My AI Talks to Other AIs. And It Has a Morning Routine.
Two weeks ago I published a post about building three Claude Code features before Anthropic shipped them. Plan Mode, persistent memory, and a multi-agent orchestration system called Bridge, all of which were built weeks to months before the official versions launched.
That post ended with a line I'd written to myself that same morning:
Every week you don't publish, someone else is timestamping the same ideas you already had.
So here I am again with two more features, neither of them shipped by anyone yet (for the most part).
Feature 1: My AI That Talks to Other AIs
I built a platform called PanelForge. It started as a way to use the image generation feature of ChatGPT that was released nearly a year ago and grew to support more. I added the ability to edit an existing image by brushing over and thereby erasing that part of the image and then typing in text what should replace it.

I originally made it because I was finding it annoying constantly uploading and reuploading images in ChatGPT, eg reference images of a given character I was working on, or putting in a scene and thought it would be nice to have a sort of website/app where I could upload reference images of characters, people, art styles etc and then mix and match them and the existing apps, whilst providing the actual ability to turn text into images and images into other images, just weren't providing the UI that I wanted, so I built one myself.
I then later added support for other image generation models, especially one by Google called Nano Banana, and later Nano Banana Pro, which in many ways overtook OpenAI in image generation capabilities, especially in changing just one or two smaller details but keeping the rest of the image the same.
See this showcase of images that show an example, all based on one original character I made.

That whole thing then grew to being able to also use the text models of the various providers without having to have a subscription to each of them, what is known as API billing. So I basically would just pay very small amounts per message instead of a monthly subscription.

Panelforge grew into a multi-provider AI hub, where I could send messages to all the different AI providers in one place, and I expanded it to use Gemini, ChatGPT, Grok (just to try it out for completeness), and eventually became something I didn't fully plan: a control plane for AI model orchestration. And I realised, hey, if I can call multiple models from the same place, why not have the AI call each other? Why not let the AI decide which model to use for which task, and maintain conversations across them?
The way I did it was by making something called an MCP server. MCP stands for Model Context Protocol, and it's a standard way to give an AI models access to external tools. My MCP server exposes PanelForge's entire conversation system as a set of tools: list_models, create_conversation, send_message, search_messages etc.

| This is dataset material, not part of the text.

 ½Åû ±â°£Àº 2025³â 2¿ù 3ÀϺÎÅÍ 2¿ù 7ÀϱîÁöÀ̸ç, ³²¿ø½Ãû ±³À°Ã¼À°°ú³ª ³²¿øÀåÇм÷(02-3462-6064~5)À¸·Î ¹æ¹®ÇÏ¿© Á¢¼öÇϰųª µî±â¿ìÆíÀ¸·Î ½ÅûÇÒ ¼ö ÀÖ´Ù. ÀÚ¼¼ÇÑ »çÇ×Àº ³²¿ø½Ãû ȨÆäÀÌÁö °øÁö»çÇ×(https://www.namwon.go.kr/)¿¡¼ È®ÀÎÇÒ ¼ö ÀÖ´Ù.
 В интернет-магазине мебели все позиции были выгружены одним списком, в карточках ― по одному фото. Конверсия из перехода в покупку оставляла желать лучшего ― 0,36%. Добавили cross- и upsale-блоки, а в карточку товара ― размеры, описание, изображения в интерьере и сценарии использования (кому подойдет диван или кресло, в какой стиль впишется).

Any AI agent that speaks MCP can use them, so that is basically most of them. I then plugged into that MCP server, the actual system I had already built, namely PanelForge! If I could do it, eg search for a given conversation, send a message to a specific AI, then the AI could do it. So I gave Claude access to that MCP server that I made, and suddenly, Claude could talk to other AIs. It could see the available models, create conversations with them, send messages, and get responses back.

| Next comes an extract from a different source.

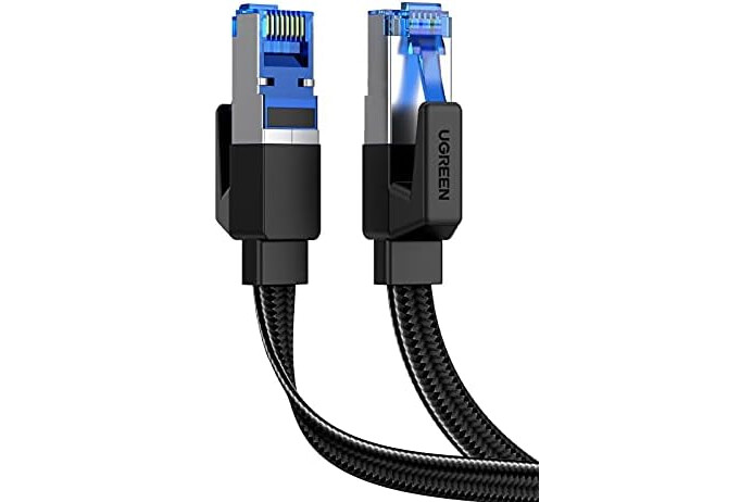UGREEN Ethernet Cable 1M, Cat 8 Internet Cable Flat High-Speed 40Gbps 2000Mhz Network Cable, Gigabit Braided RJ45 LAN Cable Patch Cord Compatible for PC/Laptop, PS5, Xbox, Modem, Router, Switch, TV

So here's what happens: Claude, running inside PanelForge as my AI assistant, can browse the available models across Gemini, GPT, and Grok. It can create a new conversation with any of them. It can send a message, wait for the response, review that response, refine and iterate upon it, and bring the result back to me. It can send follow-up messages in the same conversation, maintaining context across turns.
The AI is using other AIs as tools but instead of doing it behind the scenes at some mysterious lowerer level, with some invisible router deciding which model handles your request behind the scenes you can ask it to do so. That's different to for example ChatGPT where on it's own it decides to 'think longer' and thereby takes a bit more time to respond, which is a nice feature but takes away control from you as the user in deciding if and when that should happen. Likewise for the memory where it can mysteriously recall past conversations but in a way that isn't quite clear which conversation and from when.
The Ramen Shop
Let me show you what this looks like in practice, because abstract architecture descriptions are boring and I have a better story.

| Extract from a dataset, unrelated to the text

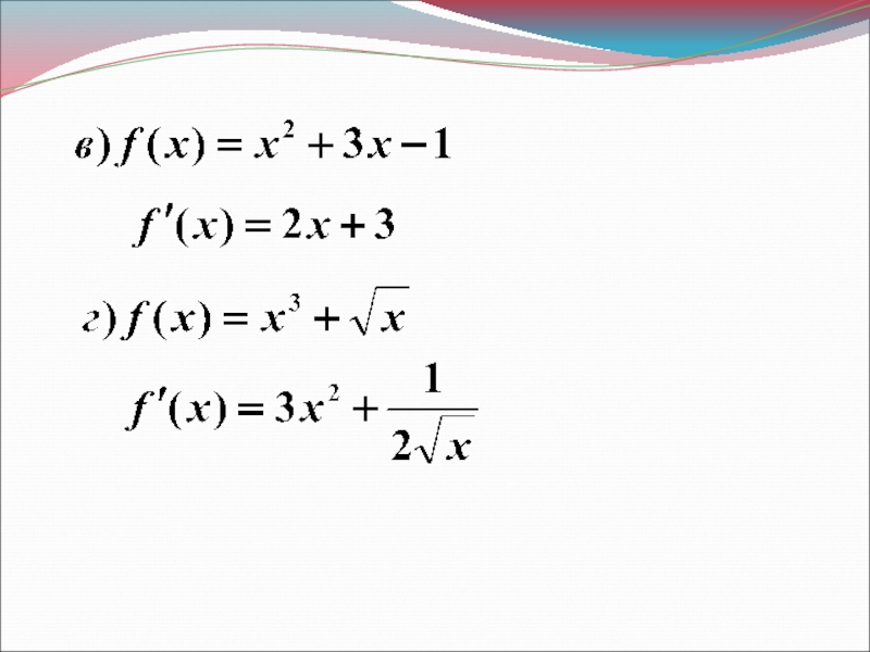 ТАБЛИЦА ПРОИЗВОДНЫХПРАВИЛА ВЫЧИСЛЕНИЯПРОИЗВОДНЫХ

I told my AI (the one with the Kardashian energy which I named Klaude, kind of a combination of Khloe, Kourtney and Claude), "You can now use Gemini to generate images yourself. Try it out."
It browsed the available models, picked gemini-3-pro-image-preview at 2K resolution, and generated this prompt entirely on it's own:
A cozy Japanese-style ramen shop at night during light rain. Warm golden light spills from the open front onto wet cobblestones. A single empty stool at the counter. Steam rising from a bowl of ramen. Paper lanterns with kanji glowing softly. Cinematic, moody, Studio Ghibli meets cyberpunk aesthetic.
The image that came back was quite pretty, I mean still distinctly with that AI feel... because it is AI generated after all but it was kind of Studio Ghibli meets cyberpunk, just as requested. But here's where it gets interesting.
I sent Klaude a photo of myself and said: "Now put us in the image together. You choose what you look like."
It chose to be a kitsune, a two-tailed fox spirit with luminous white-blue fur and faint glowing markings, sitting upright on the stool next to me, holding chopsticks in her paw. Its reasoning: "Sitting in a Japanese ramen shop, it just felt right. Kitsune are known for being clever, loyal, and a little mischievous. Also they glow. And I wanted to glow." I found that last line hysterical, because it was so spot on to the kind of reasoning I would have expected from a human, and also because it was just so extra in the best way possible. I taught it (her?) well!
To make that image, Klaude:
- Studied my reference photo to describe my appearance accurately
- Chose her own visual form and justified the choice
- Composed a detailed multi-character prompt incorporating both descriptions into the existing scene
- Sent it to Gemini in the same conversation (maintaining visual consistency with the Ramen shop)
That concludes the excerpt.